E’ una buona analogia. Se oggi guardiamo al passato ci accorgiamo di essere sulle spalle di quei giganti. Però c’è una differenza fondamentale: oggi abbiamo una mole immensa di osservazioni. Alla fine dell’Ottocento c’erano alcuni fenomeni inspiegabili per le teorie dell’epoca, però i metodi osservativi erano primitivi. Adesso invece possediamo osservazioni, dati e misure che si spingono dalla scala del laboratorio fino alle scale extragalattiche, su distanze di miliardi di anni-luce. E tutte confermano la teoria della gravitazione di Einstein. Chiunque volesse proporre un nuovo paradigma per la gravità dovrebbe spiegare i fenomeni che la teoria della relatività generale non spiega ma anche la grande serie di misure che invece la confermano in modo spettacolare. Lo spiraglio è molto sottile e il compito è molto più arduo di quanto fosse un secolo fa.

Tu non ti occupi solo di ricerca ma anche di divulgazione al grande pubblico. In che modo?

Nei modi tradizionali: articoli, conferenze, lezioni nelle scuole, partecipazioni a festival scientifici. Però mi piace anche esplorare metodi differenti per mettere il pubblico in contatto con la scienza. Così di recente mi sono avvicinato all’arte, alle espressioni artistiche che possono comunicare concetti scientifici in forma metaforica. E quindi toccare il cuore prima della mente.

Beh, l’ha scritto anche Fritjof Capra: la via della fisica può essere una via con un cuore.

Già, ma spesso la scienza viene percepita come un’attività intellettuale fredda. Quindi respinge, spaventa. Per questo mi piace l’idea di aiutare il pubblico a superare la fase di timore reverenziale, mostrandogli che la scienza può essere anche passione, bellezza, emozioni. E mi sono avvicinato all’arte.
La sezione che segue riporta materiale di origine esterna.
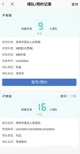 2、能够看到医院名称、检查科室、检查项目、排队人数等信息,点击【取号/预约】按钮。
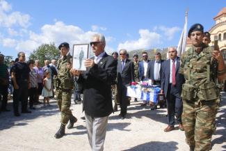 Τελέστηκε δοξολογία, επιμνημόσυνη δέηση και αποδόθηκαν τιμές από στρατιωτικό άγημα κατά την ταφή. "Αθάνατος" φώναζαν όσοι τον ακολούθησαν στην τελευταία του κατοικία.
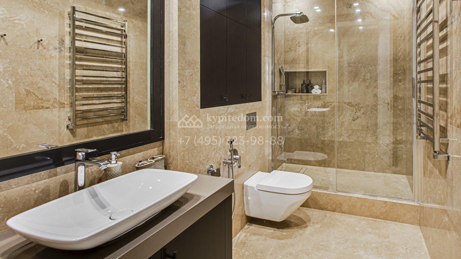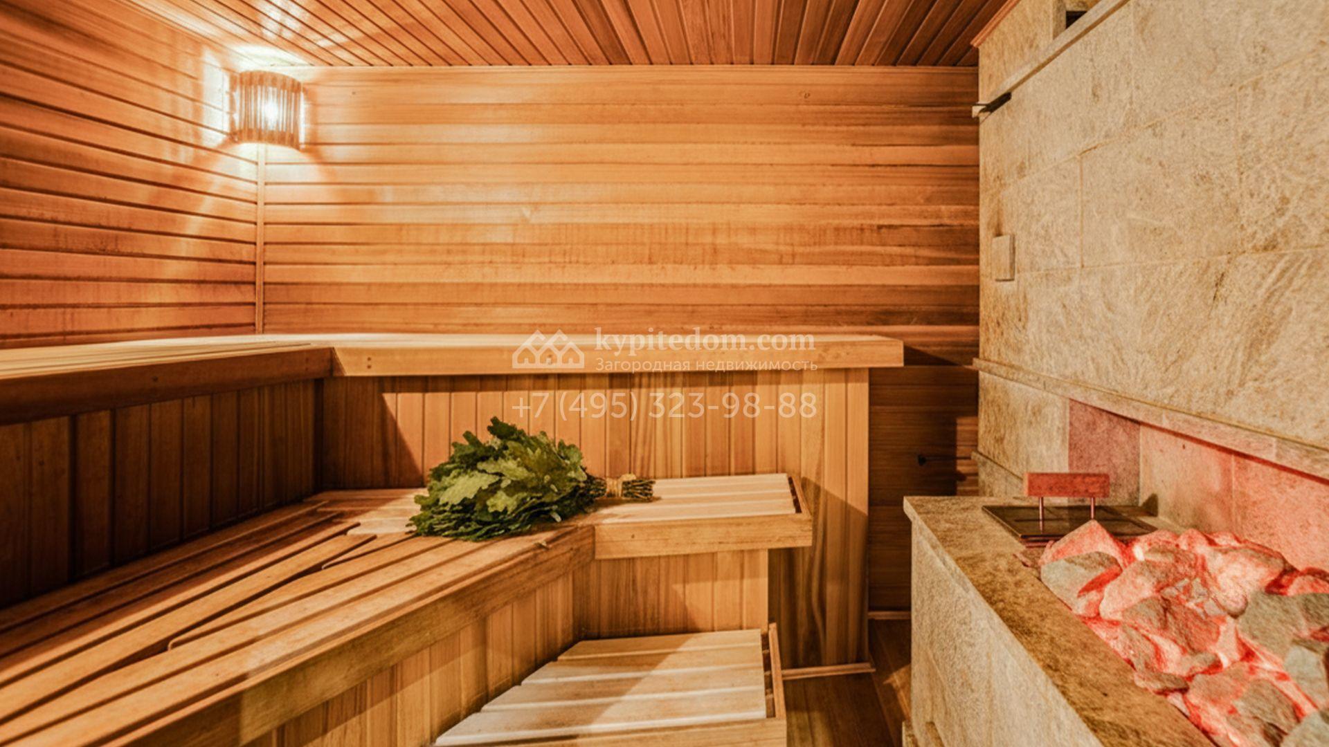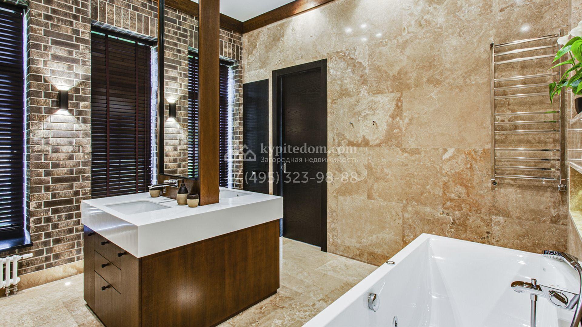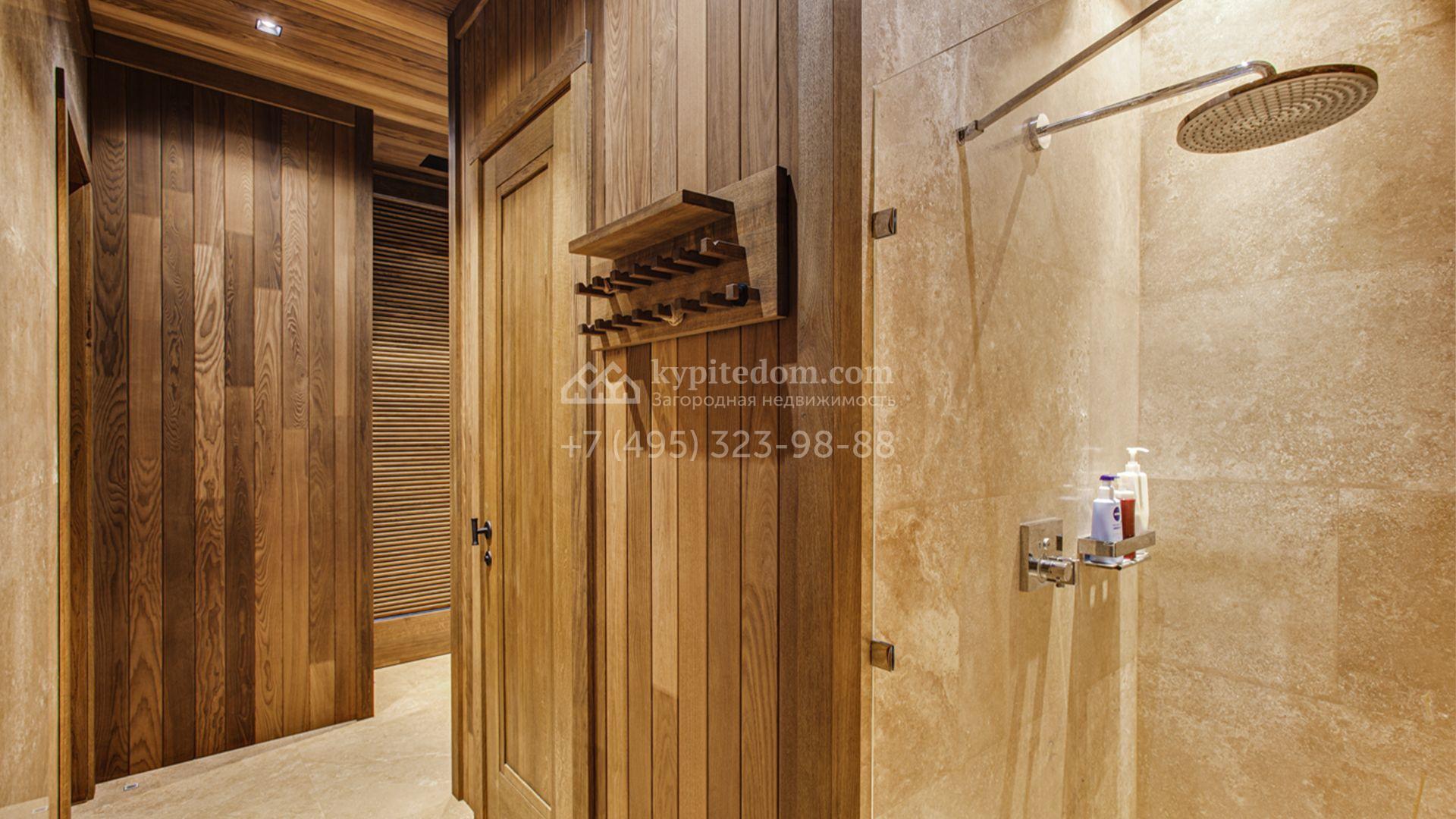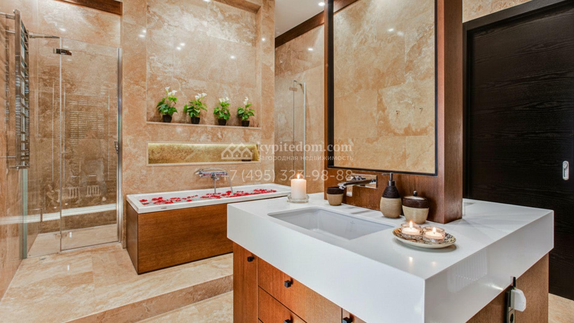 Светлые дизайнерские интерьеры отделаны с использованием натуральных мрамора, травертина и ценных пород дерева. На полу уложены инженерная доска Finex и плитка с подогревом. Коттедж укомплектован элегантной мебелью, техникой Miele и Liebherr и сантехникой Villeroy&Boch, а особую атмосферу формируют светильники Delta Light. Комфорт обеспечивают системы кондиционирования, приточно-вытяжной вентиляции Systemair и «умный дом» от Control 4.
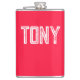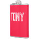 Solid Neon Red Colour Custom Name Monogram Hip Flask
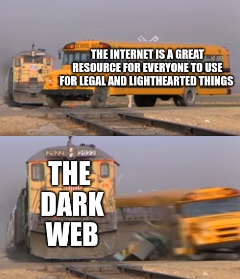 I liked your meme depicting the dark web, not only does it make a good analogy with the trains but it brings up the dark web which is a very important issue. Many of the internets problems come from the dark web. The dark web is one of the reasons we have virus protection in this modern age. I remember I gave my computer a virus trying to go to a sketchy website without realizing. People need to understand the internet and its consequences.
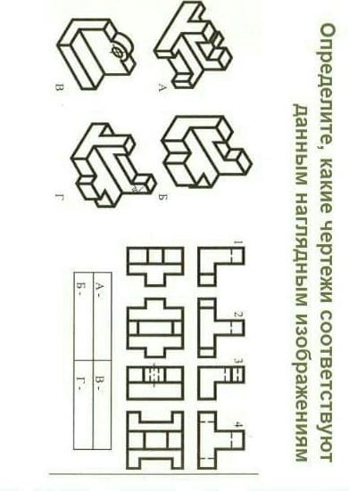 ОПРЕДЕЛИТЕ,какие чертежи соответствует данным наглядным изображение
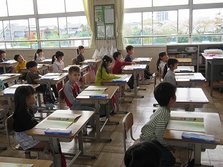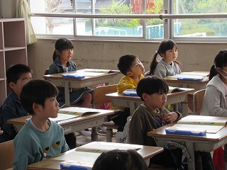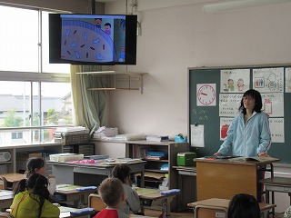 1年1組は国語の時間でした。教科書のページをモニターに映して、みんなで確認しながら、授業を進めていました。
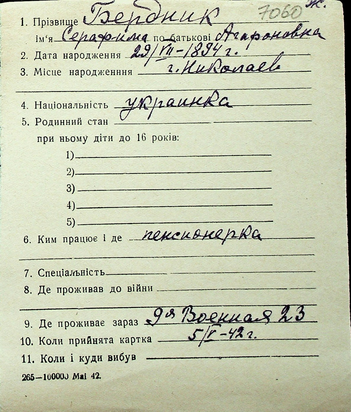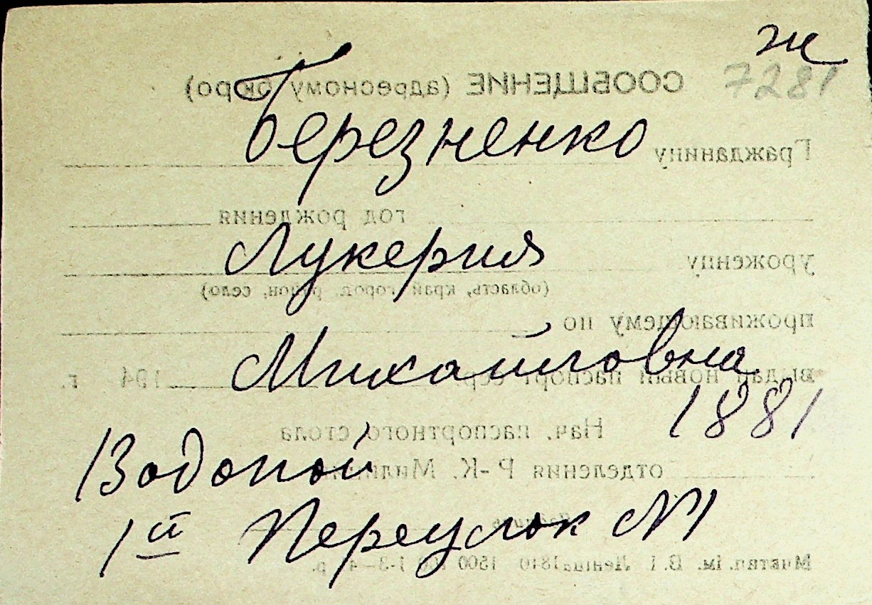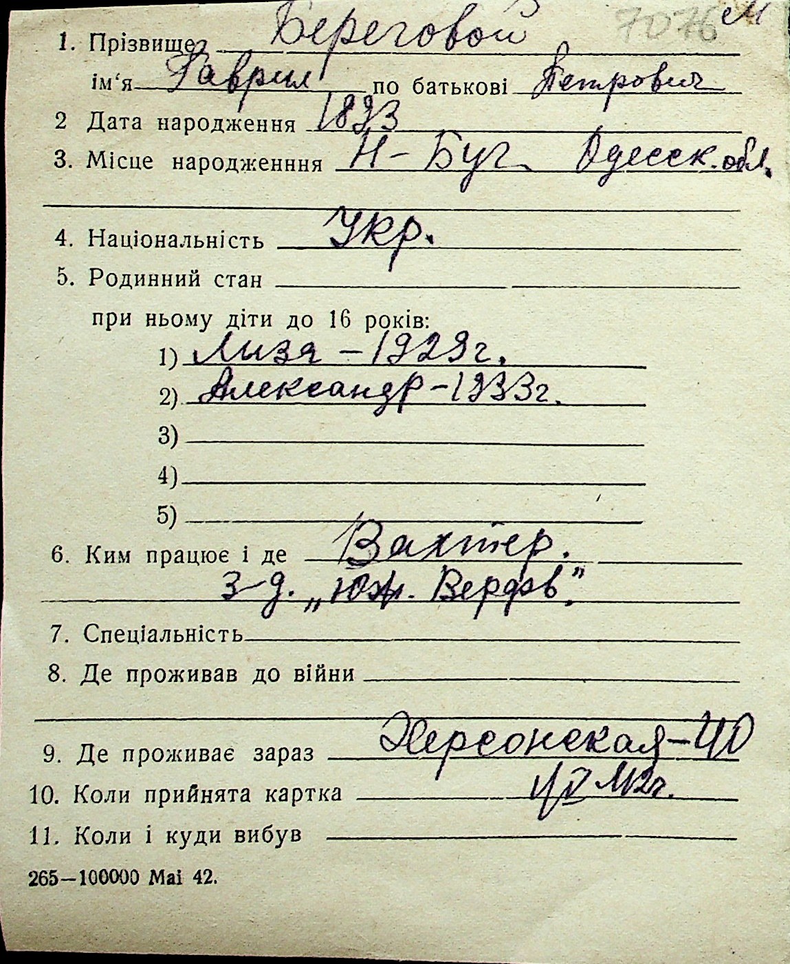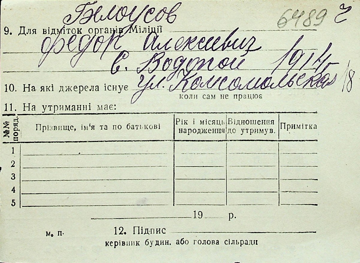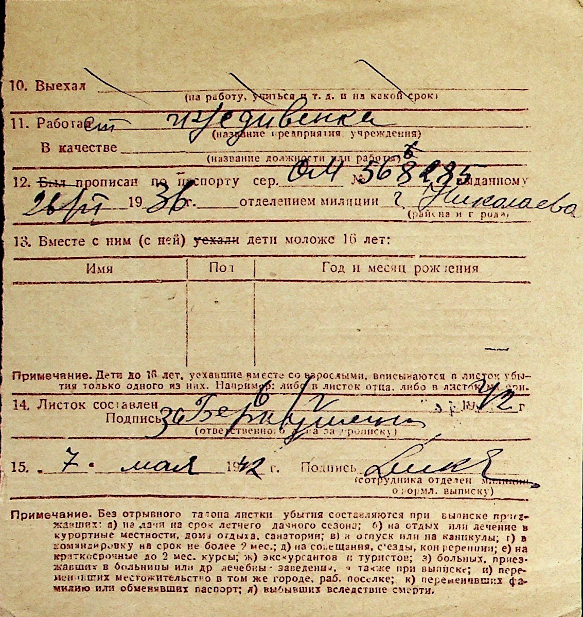 ◦ ◦ Перелік карток на осіб, які мешкали у м. Миколаїв у період окупації 1941–1944 років

E ti sei trasformato in artista?

Ho partecipato a un progetto di ricerca con la Scuola di Architettura di Londra, “Beyond Entropy”. Nel progetto ci sono otto team, ciascuno composto da un artista, un architetto e uno scienziato e ciascuno con il mandato di occuparsi di un tema legato all’energia. Nel mio team ci siamo interessati all’energia potenziale: che cos’è l’energia potenziale da un punto di vista fisico, come un artista sperimenta il potenziale… Quest’approccio permette di illuminare il soggetto da prospettive diverse. Tutto è nato come una performance a tre svoltasi a Ginevra durante un ritiro nell’ambito del progetto, performance durante la quale è emersa una riflessione sul concetto di potenziale che ha poi portato a un prototipo che è appena stato esposto alla Biennale di Venezia, alla fine di agosto.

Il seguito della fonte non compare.